Introduction

The most extreme known space weather event happened on September 1, 1859 – the Carrington storm: a solar coronal mass ejection (CME) hit the Earth’s magnetosphere and induced the largest registered geomagnetic storm. Other prominent recent, but much weaker events have been the Halloween storm on October 28 – 30, 2003, or the St. Patrick’s storm on March 17, 2015. In early February 2022, the poor understanding of thermospheric neutral density changes, caused by unexpected magnetic storms, resulted in the accidental re-entry of 38 Starlink satellites with the cost of more than 10 million EUR. More than 900,000 small debris objects with a radius of at least 1 cm are currently orbiting uncontrolled in the upper atmosphere, which are potential treats to operational satellites. The strength of these events, their impacts on modern society and the possibility of much stronger future events have brought several countries such as US, UK, Japan, Canada, and China to recognize the necessity of studying these impacts scientifically, of developing protection strategies and procedures and to establish space weather data centers and space weather services. Because of these activities the FA-GSWR was initiated.

For a long time, geodesists looked at the ionosphere just as a disturbing factor, whose impacts on electromagnetic signal propagation, i.e. the signal delay and the bending of the ray path, have to be corrected by applying ionospheric correction models of sufficient accuracy. On the other hand, as already mentioned before, the observation data of various geodetic measurement techniques that are influenced by the atmosphere in different ways provide valuable information on state and dynamics of the ionosphere. These are of great interest also for other disciplines such as meteorology.

The following statements summarize the necessity of geodesy to cover scientific research on the coupled processes within the magnetosphere, ionosphere/plasmasphere, and thermosphere (MIT): Geodesy has

• to deal with the ionosphere and plasmasphere, since the measurements of almost all space-geodetic observation techniques are depending on the charging state of the upper atmosphere, i.e. the ionosphere and plasmasphere,
• to deal with the thermosphere, since the thermospheric drag is the most important deceleration effect on Low-Earth Orbiting (LEO) satellites and objects in the re-entry stage,
• to deal with the magnetosphere as it comprises the ionosphere, plasmasphere and thermosphere,
• a long history and large experience in the development and application of sophisticated analysis techniques and modelling approaches.

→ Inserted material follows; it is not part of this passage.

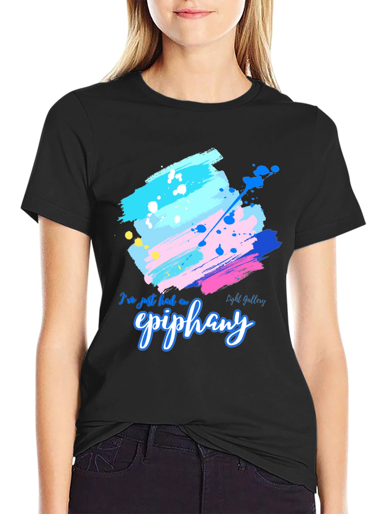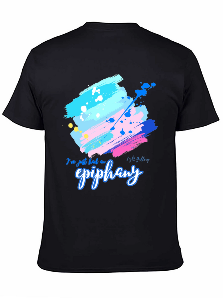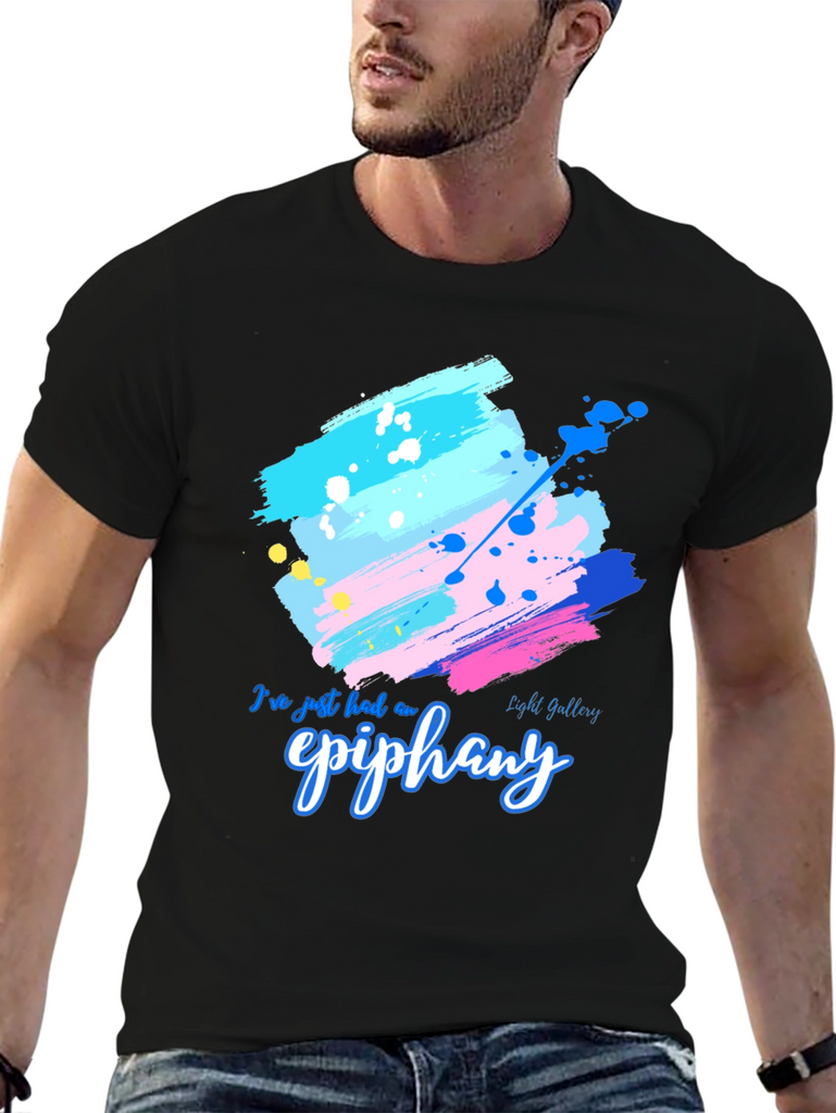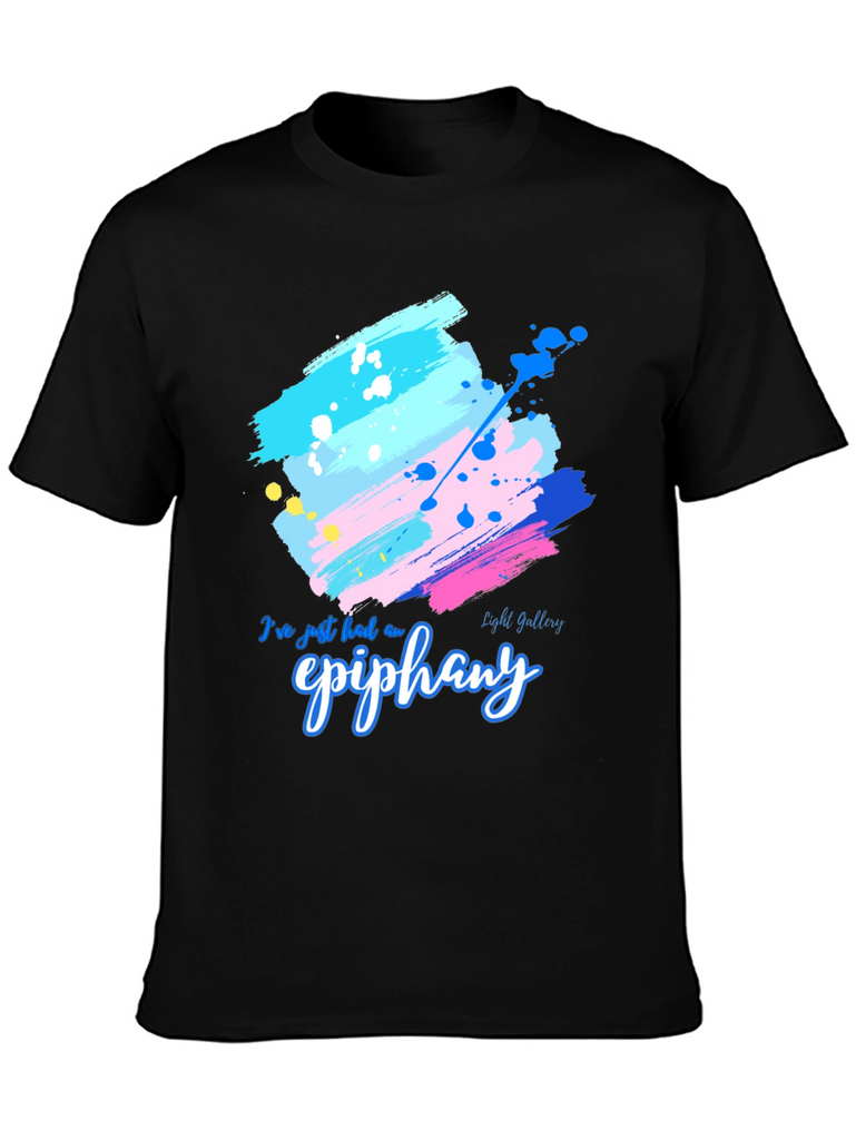Embrace inspiration with this unique black T-shirt featuring a vibrant, abstract paint stroke design. The colorful splashes of blue, pink, and white create an eye-catching effect, while the playful 'I've just had an epiphany' lettering adds a touch of whimsy. Crafted from a comfortable, breathable fabric, this tee is perfect for casual wear and expressing your creative spirit. Pair it with jeans or shorts for a relaxed yet stylish look. Ideal for art lovers, thinkers, and anyone who appreciates a pop of color in their wardrobe.

Today, for Geodetic Space Weather Research geodesy has to go another step forward by introducing physics. To be more specific, we must consider the complete chain of cause and effect. This means the research has to start with processes and events on the Sun. Next, it has to continue with the effects in the near-Earth space and finally it has to consider the impact on (geodetic) applications and systems. Besides this general chain of cause-and-effect interactions, physics and especially the coupled processes within the MIT system have to be regarded. Geodetic Space Weather Research is fundamental research, too, particularly when intending to detect and to survey structures of the ionosphere, e.g. bubbles, or when studying special phenomena like electro-jets. Summarizing, geodetic space weather research has to be based on

1. the use and combination of all space geodetic observation methods,
2. the use of Sun observations,
3. real-time modelling,
4. the development of deterministic and stochastic forecast approaches including Machine Learning (ML) algorithms,
5. assimilation strategies.